На республиканских партактивах обстановка, конечно, другая, построже, там уже высота чувствуется. Слова, правда, говорят те же самые и те же самые люди, наш же брат, но какой-то сразу вес обретают эти слова, значение какое-то большое, серьезное. Тут уж про свой колхоз не ждешь слова, стараешься уловить направление, новую идею, стараешься как бы сам себя проанализировать, поправить, если какое несоответствие. Н хотя я на свою память не жалуюсь, но всегда, когда выступает крупный руководитель, стараюсь записать в блокноте его высказывания, – не зря ведь блокноты выдаются каждому участнику совещания. Правда, потом эту речь и в газете можно прочитать, но когда запишешь сам, как-то приятнее, словно живой голос слышишь. Другие почему-то не записывают, но это их личное дело, а я люблю, когда у меня в блокноте записи есть. Или, допустим, когда в заключение читают лекцию о международном положении. Тут лектор обычно московский, знающий политику не по газетам, и такие, бывает, факты выложит, такие факты,' что дыхание захватывает. Как тут не записать? Запишешь, приедешь к себе и уж идешь на политинформацию король королем, на любой сложный или каверзный вопрос ответить можешь. Нет, лекции такие я особенно подробно стараюсь записывать.

На районных партактивах таких лекций не бывает, тут другой, конечно, уровень, но зато как-то все по-домашнему. Тут и оратора можно не объявлять – все друг друга знают, знают даже, кто на каком месте заикнется. Выступать я не особенный любитель, тем более без подготовки, но если просят, как откажешься? Хорошо бы и теперь подготовиться, да ведь вот какая жизнь! Подумал было: после обеда дома посижу, поготовлюсь, а тут Бардасов:

– В Тюлеккасы надо ехать нам, комиссар, с бригадиром что-то решать: не хотят его люди, да и все тут! Да оно и верно: какой из Яковлева бригадир, особенно сейчас, а кого ставить, ума не приложу…
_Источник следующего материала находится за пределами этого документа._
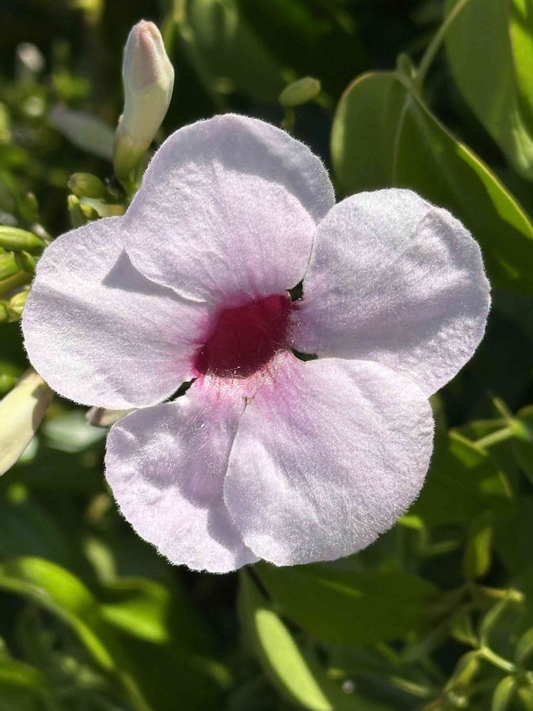 *Tubular flowrrs with spreading lobes,1 1/2 -2 in(4-5cm) across, are white, flushed crimson-pink in the throats.

– А Фекла не подойдет? – сказал я, хотя, впрочем, и не думал о ней секунды назад. Но когда это имя сказалось, я понял, что Фекла будет прекрасным бригадиром.

Бардасов между тем задумался.

– А что, вполне может быть, вполне может быть! Но согласится ли она сама?

Я почему-то был уверен, что согласится.

И после обеда мы поехали в Тюлеккасы. Это, пожалуй, поважнее дело, чем подготовка к выступлению на активе. Впрочем, я успею подготовиться и завтра. В конце концов, посижу ночку, не привыкать. А надо бы выступить, надо! В голове уже хорошее начало мелькнуло: «Рычаги успехов колхоза «Серп» в прошлом году я вижу в том, что…» Надо бы еще цифры кое-какие в бухгалтерии взять. Организация труда, четкая организация труда механизаторов – вот что тут главное. Бардасов с Сынчуковым, да, с Сынчуковым Вадимом так дело наладили, что трактора и машины не стояли. Ну и многое другое, конечно. Не забыть только в бухгалтерии цифры взять… Вообще-то я противник того, чтобы партийные работники в своих выступлениях сыпали цифрами, как какие-нибудь бухгалтера. Цифра же нужна самая необходимая, самая веская и красноречивая, она нужна не как таковая, а для подкрепления своих выводов, для убедительности анализа работы. Дело, к которому мы приставлены партией, материально – хлеб, молоко, мясо, так что без цифры не обойтись, по не она – главное. Главное – твои мысли по поводу жизни, по поводу работы людей. И пусть твои мысли будут не бог весть какими, но вот ты выходишь на трибуну, а сто, двести человек глядят на тебя и так думают: «Ну, ну, что ты скажешь? Чему нас научишь?» А как же! Партийно-хозяйственный актив – это своего рода коллективная учеба, тут мы учимся друг у друга лучше работать, лучше вести дело, и все это необходимо для того, чтобы потом, дома, в своих колхозах и совхозах проводить в жизнь передовой опыт, то ость – учить людей. Недаром в народе говорится: хочешь прожить один год – посей хлеб, хочешь десять лет прожить – разведи сад, хочешь прожить сто лет – учи людей. И это я так понимаю. Хлеб любой посеет, хлеб даже и первобытный человек сеял, по чтобы человеческое общество развивалось сознательно и целеустремленно, чтобы оно видело цель свою в построении коммунизма на земле, – этому надо учить людей. А кто это сделает кроме пас, коммунистов, партийных работников? Никто!.. Вот об этом я буду говорить на активе в среду, да, именно об этом.

А мудрые, однако, старые люди, ничего не скажешь! Видишь ты, как оно получается: хочешь год прожить – посей хлеб, а десять – разведи сад… Выходит, что самое сложное дело – учить людей… И вот для того чтобы наша учеба спокойно протекала, чтобы мы, нынешние партийные работники, могли открыто и громогласно нести людям слова ленинской правды, сколько же претерпели страданий и бед первые поколения революционеров!.. И как подумаю я об этом, как представлю, какая-то робость меня охватывает, и я себя в душе спрашиваю: все ли правильно ты делаешь? с полной ли отдачей сил работаешь? что бы они сказали тебе, поглядев на твои труды?.. Но как это тяжело поднимать не на словах, а на деле даже такое маленькое хозяйство, как наш колхоз «Серп»!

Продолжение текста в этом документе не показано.